Single Stock Futures on NSE NEXT: The Foundation Beneath Everything Else
Single Stock Futures are the original product set on NSE NEXT and the foundation that every later derivative on the venue builds against. What an SSF actually is, how the Kenyan contracts work, and why they matter for market-makers operating across the full Nairobi asset-class set.

Single Stock Futures are the product NSE NEXT was built around. The venue launched in 2019 with a small set of SSF contracts on the most liquid NSE 20 constituents, and SSFs have remained the bulk of the venue’s activity ever since. Every later derivative listed on NEXT, including the index futures already trading and the options on single stock futures that CMA Kenya has greenlit for launch, sits structurally on top of the SSF complex. Understanding what an SSF is and how the Kenyan contracts work is the prerequisite for understanding anything else on the derivatives side of the Nairobi market.
This post walks through the SSF product mechanics, the specific contracts listed on NEXT today, the use cases that justify the product set, and why a multi-asset market-making operation in Kenya has to engage with SSFs even when its primary interest is in other product lines.
What an SSF is
A Single Stock Future is a standardized contract to exchange a defined number of shares of a specific listed equity at a pre-agreed price on a defined future date. Two counterparties enter the contract on opposite sides. The buyer commits to receive shares at the agreed price; the seller commits to deliver them. Between trade and expiry, the contract has its own market price that reflects current expectations of where the underlying will be on the expiry date, adjusted for the cost of carry over the contract period.

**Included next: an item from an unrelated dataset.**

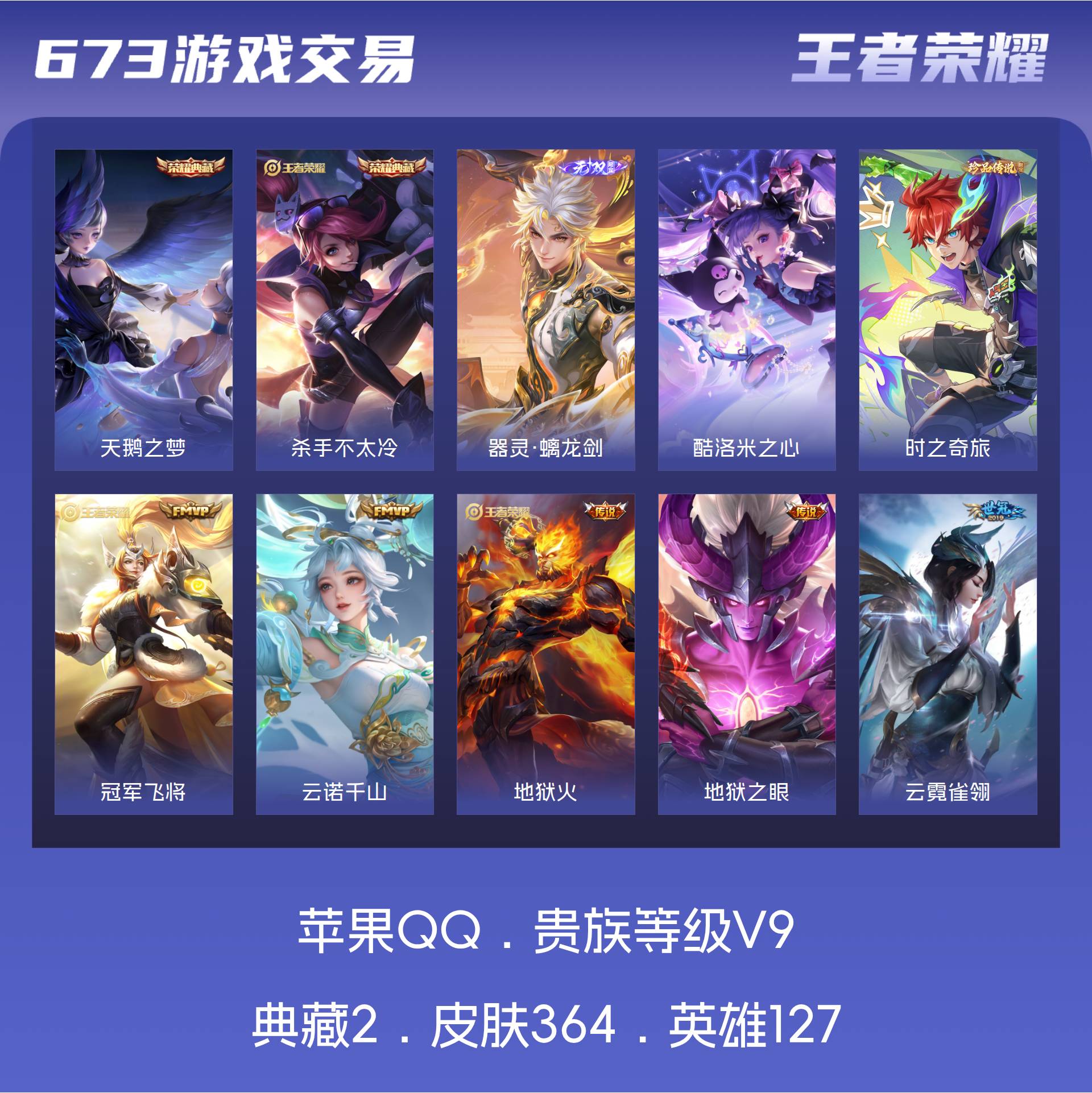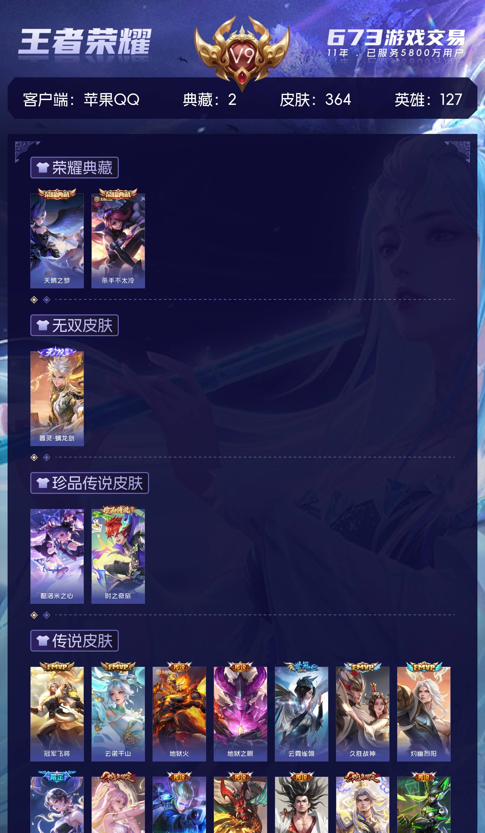 A553/【英雄数量】127/【皮肤数量】364/【区服】苹果QQ1

In economic terms, going long a single stock future is similar to going long the underlying share with the funding cost rolled into the price. Going short is similar to short-selling the share, with the same funding mechanic running in reverse. The difference is that the SSF position requires only an initial margin (a fraction of the notional value) rather than the full purchase price, which makes the product significantly more capital-efficient than the equivalent spot position. That capital efficiency is the primary reason institutional participants use SSFs in the first place.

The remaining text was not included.